Тайна эта изнутри гложет ее плоть. Люси потеряла аппетит, она испытывает отвращение к пище. Сам запах еды, один вид блюда с соусом вызывает у нее спазмы в желудке. Она больше не может есть мяса, ее сразу начинает рвать. Отныне она питается только овощами, фруктами и хлебом. Ей противно даже молочное. У нее возникла болезненная чувствительность к вкусу, к запахам. Все, что похоже на запах тела ее мучителя, все, что напоминает это тело и его выделения, немедленно вызывает у нее реакцию отвращения. Запах кислый и одновременно сладковатый, запах кожи блондинов. Она всюду ощущает этот отвратительный запах кожи мужчины, запах пота и перегара. Запах мужчины, распаленного желанием, вспотевшего от наслаждения. Ей омерзительно все, что выделяет это тело — пот, слюна и кровь, но более всего странный белесый гной, теплый и пресный, как остатки створожившегося молока на дне кастрюли, который изливается у мужчины между ног. «Я, — жалуется ее мать своим старым приятельницам, — поистине не знаю ничего ужаснее, чем ребенок, отказывающийся есть. Господи Боже мой, что за испытание! Каждый день приходится кричать, грозить, хитрить, а то даже и наказывать, чтобы заставить эту упрямицу Люси проглотить хоть капельку. Мадемуазель на все отвечает „нет“, мадемуазель ничего не любит, за столом она жеманничает и капризничает, прямо как принцесса на горошине. Если бы ей позволили, она, как козочка, ела бы одни овощи и закусывала корочкой хлеба. Притом она упряма и непослушна, в точности как козочка господина Сегена. Ей можно сколько угодно твердить: „Люси, берегись волка! Если ты будешь есть только траву да хлеб, как глупая, упрямая коза, от тебя останутся только кожа да кости“, — она все равно делает по-своему». Но Алоиза, которая так напыщенно и образно жалуется, не знает одного — что волк уже давно пожирает козочку. И любая еда вызывает отвращение у ее дочки — а особенно ей отвратительно мясо, — потому что совершено посягательство на ее тело, осквернена ее детская плоть. Волк уже сожрал козочку, но продолжает и продолжает свое смертоносное пиршество. Правда, иногда волк изволит выражать недовольство: «Нет, Люси, ты, право же, слишком тощая, кости у тебя, как железные щеколды. И плоская, как доска. На тебе можно набить синяки».

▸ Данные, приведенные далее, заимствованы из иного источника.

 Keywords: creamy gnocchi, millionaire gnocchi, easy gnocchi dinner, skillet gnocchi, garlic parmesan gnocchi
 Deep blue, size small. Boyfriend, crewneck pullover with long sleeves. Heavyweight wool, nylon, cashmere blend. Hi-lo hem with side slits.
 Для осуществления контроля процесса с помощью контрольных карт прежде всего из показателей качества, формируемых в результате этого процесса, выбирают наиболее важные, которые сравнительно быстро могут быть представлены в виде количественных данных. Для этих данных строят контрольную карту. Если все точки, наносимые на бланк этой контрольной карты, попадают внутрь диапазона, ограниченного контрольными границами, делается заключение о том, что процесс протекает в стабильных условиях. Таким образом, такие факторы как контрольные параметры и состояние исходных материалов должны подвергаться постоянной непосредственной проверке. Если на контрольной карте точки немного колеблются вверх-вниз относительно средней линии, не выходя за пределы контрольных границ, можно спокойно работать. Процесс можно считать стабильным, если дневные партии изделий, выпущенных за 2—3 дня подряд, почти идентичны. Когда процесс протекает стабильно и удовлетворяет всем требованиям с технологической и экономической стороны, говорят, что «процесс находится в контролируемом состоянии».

И он еще смеет выражать недовольство! Он, из-за которого ей опротивела любая еда, из-за которого она перестала быть собой. Так пусть он набивает синяки, пусть набьет их по всему телу, когда елозит по ней, а главное пусть набьет синяк на лбу. Синяк, который будет позорным опознавательным знаком, таким же заметным, как пятно, нанесенное золой на покаянной мессе в первую среду Великого поста, — чтобы все могли увидеть его и наконец-то поняли.

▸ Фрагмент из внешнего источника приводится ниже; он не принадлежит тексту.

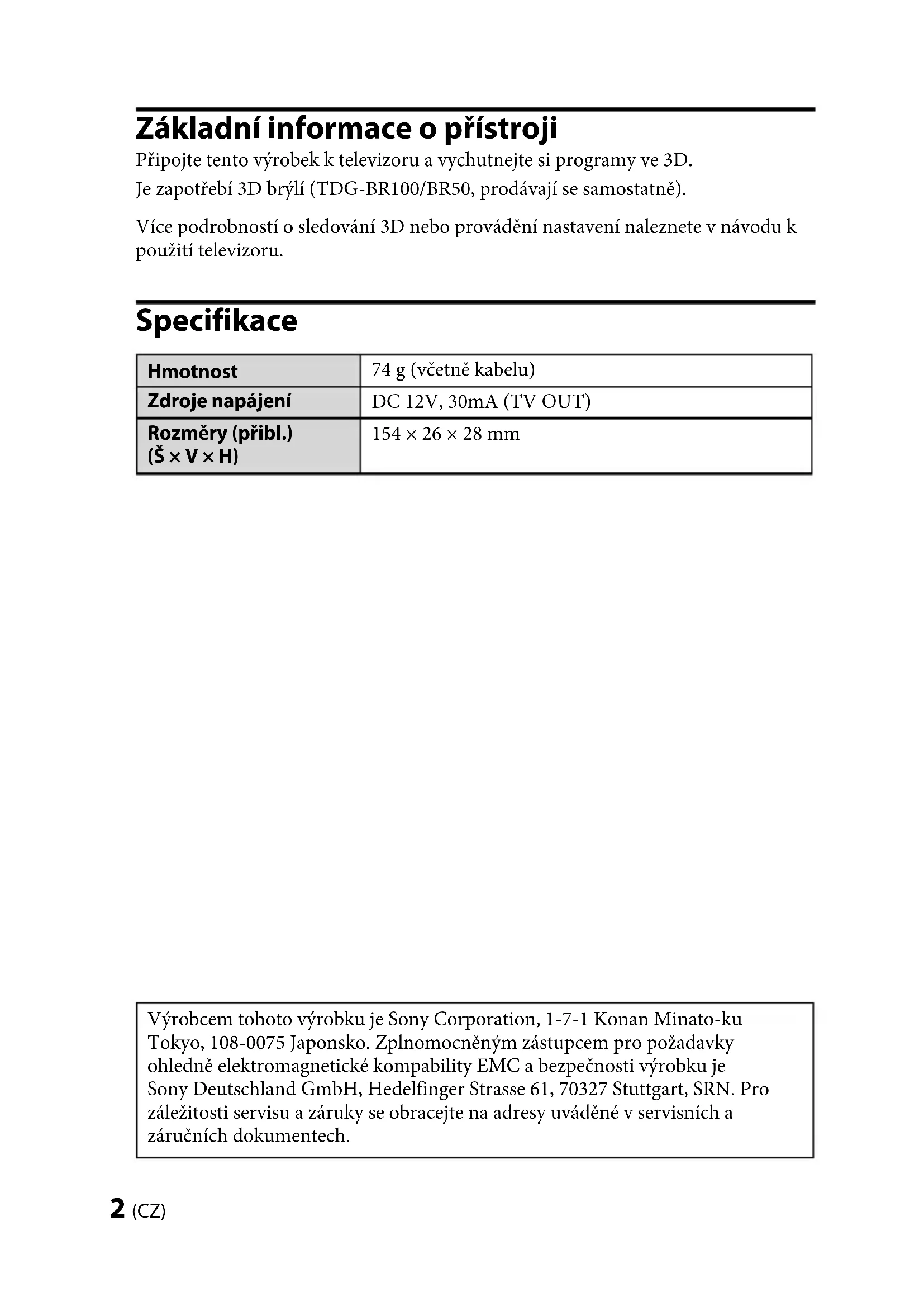 (Pokračování)TMR-BR100 4-180-471-26(1) 6 (CZ) TMR-BR100 4-180-471-26(1) 120˚ Když je televizor umístěn na skříňce nebo na stole: Umístěte 3D Synchronizční vysílač doprostřed televizoru, podél předního okraje stolního stojanu nebo stojanu televizoru. 120˚ Pokud je televizor umístěn na zdi, upevněte 3D Synchronizční vysílač k televizoru (nahoře uprostřed nebo dole napravo od středu) pomocí oboustranné lepicí pásky. Nastavte úhel 3D Synchronizčního vysílače podle způsobu instalace. +10˚ –10˚ 120˚ 120˚ 120˚TMR-BR100 4-180-471-26(1) TMR-BR100 4-180-471-26(1) 7 (CZ) Komunikační dosah 3D Synchronizčního vysílače a 3D brýlí Umístěte 3D Synchronizční vysílač před televizor a zajistěte, aby mezi 3D Synchronizčním vysílačem a 3D brýlemi nebyly žádné překážky. 120˚ 1 m ~ 6 m typické 1 m ~ 6 m typické 120˚ Pohled shora Pohled z boku Připojení Vypněte televizor a připojte 3D Synchronizční vysílač ke konektoru 3D SYNC na televizoru. Zapněte televizor a zkontrolujte, zda se v seznamu nabídky OPTIONS nachází nabídka 3D. Televizor je nutné jednou vypnout, aby rozpoznal 3D synchronizační vysílač. Informace o sledování 3D obrazu naleznete v návodu k obsluze televizoru. Odstraňování problémů V případě potíží použijte uživatelskou příručku televizoru.TMR-BR100 4-180-471-26(1) 2 (SK) TMR-BR100 4-180-471-26(1) Prehľad produktu Pripojte tento výrobok k televízoru, aby ste mohli sledovať obraz v 3D. Vyžadujú sa 3D okuliare (TDG-BR100/BR50, predávajú sa osobitne). Podrobné informácie o 3D zobrazení a o nastavení nájdete v návode na používanie televízora. Technické parametre Hmotnosť 74 g (vrátane kábla) Napájanie 12 V jedn., 30mA (TV OUT) Rozmery (približne) (š × v × h) 154 × 26 × 28 mm Výrobcom tohoto výrobku je Sony Corporation, 1-7-1 Konan Minato-ku, Tokyo, 108-0075 Japonsko. Autorizovaným zástupcom pre EMC a bezpečnosť výrobku je Sony Deutschland GmbH, Hedelfinger Strasse 61, 70327 Stuttgart, Nemecko. V akýchkoľvek servisných alebo záručných záležitostiach prosím kontaktujte adresy uvedené v separátnych servisných alebo záručných dokumentoch.TMR-BR100 4-180-471-26(1) TMR-BR100 4-180-471-26(1) 3 (SK)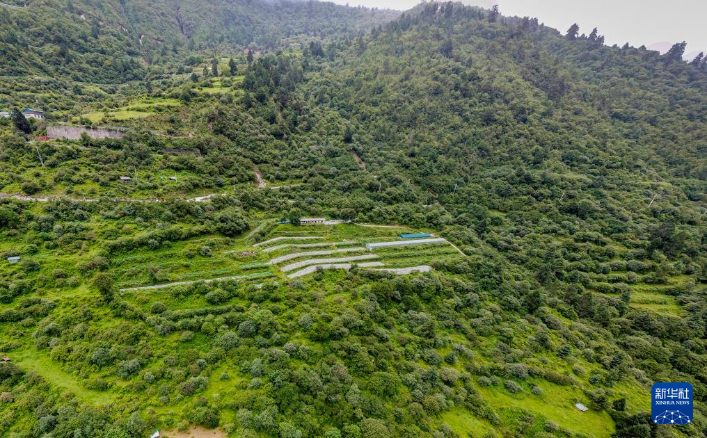 這是錯那市貢日門巴民族鄉(xiāng)斯木村的莓茶種植試驗田(無人機照片,7月28日攝)。新華社記者 旦增尼瑪曲珠 攝
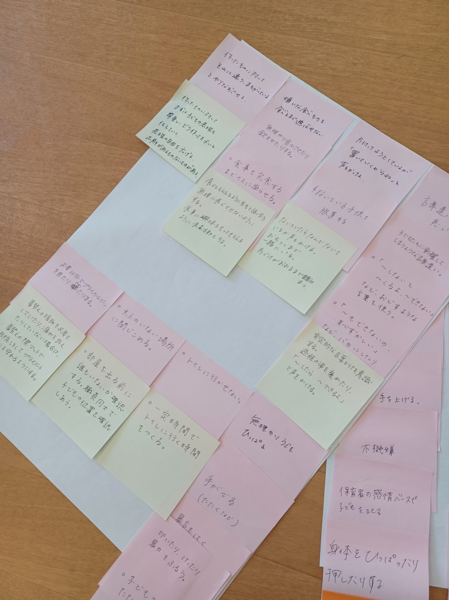 そういったことを起こさないためにはまずはお子様一人ひとりの声に耳を傾けることや肯定的な言葉がけを意識して声がけをする、また保育士同士が協力し合うという意見が上がってきました。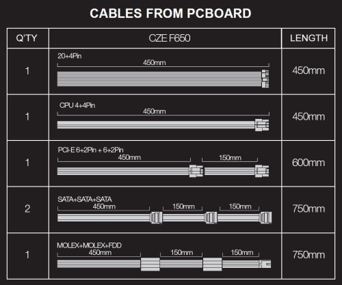 Kabeláž • 20+4 Pin (450mm) • CPU 4+4 pin (450mm) • PCI-E (6+2) + (6+2)pin (450+150mm) • Sata+Sata+Sata (450+150+150mm) • Sata+Sata+Sata (450+150) (450+150+150mm) • čierna farba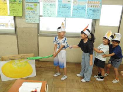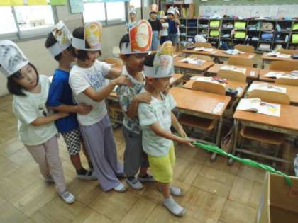 国語科「おおきなかぶ」で登場人物の気持ちを考えながらお面をかぶり、なりきって音読を楽しんでいます。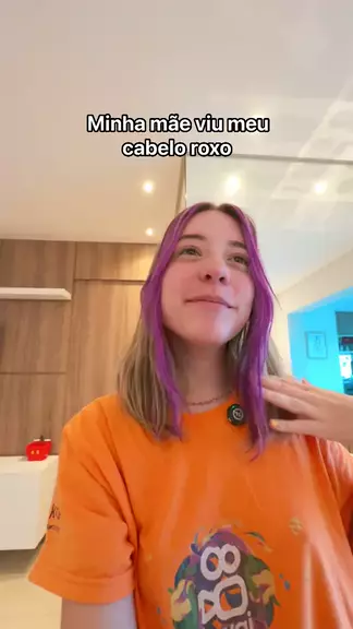 Minha mae vendo meu cabelo roxo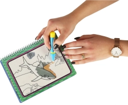 Ova višekratna vodena bojanka pruža djeci sate zabave. Zahvaljujući čarobnom vodenom peru, na stranicama se u dodiru s vodom pojavljuju jarke boje i skriveni detalji podmorskog svijeta. Nakon sušenja slika izblijedi i dijete može ponovno i ponovno bojati.

Ну да, да, она тощая. Но если бы она могла, она стала бы еще тощее. До полной неосязаемости, полной невидимости, чтобы у волка пропало желание, чтобы отбить ненасытную прожорливость Людоеда. Само собой, реплики, которые она в изобилии слышит на эту тему от окружающих, неприятны и страшно ее злят. «Бедняжка Люси, — при каждом удобном случае бросает ей мать, — ты такая худющая, что, когда смотришь на тебя, боишься, как бы не оцарапать глаза», — или: — «Право же, Люси, сейчас ты больше смахиваешь не на глупую козочку господина Сегена, а на колышек, к которому она была привязана». А папа иногда даже спрашивает: «Люси, деточка, может быть, ты заболела?» — «Нет, я здорова», — сухо отвечает она, уклоняясь от руки, пытающейся ее погладить. А тетушки с их занудными жалостными словами! «Ах, Люси! Какая ты стала худышка! От тебя ничего не осталось! Просто ужасно смотреть! Даже бездомные кошки не такие тощие, как ты! А ведь малышкой ты была такая пухленькая! Боже мой, как ты изменилась!»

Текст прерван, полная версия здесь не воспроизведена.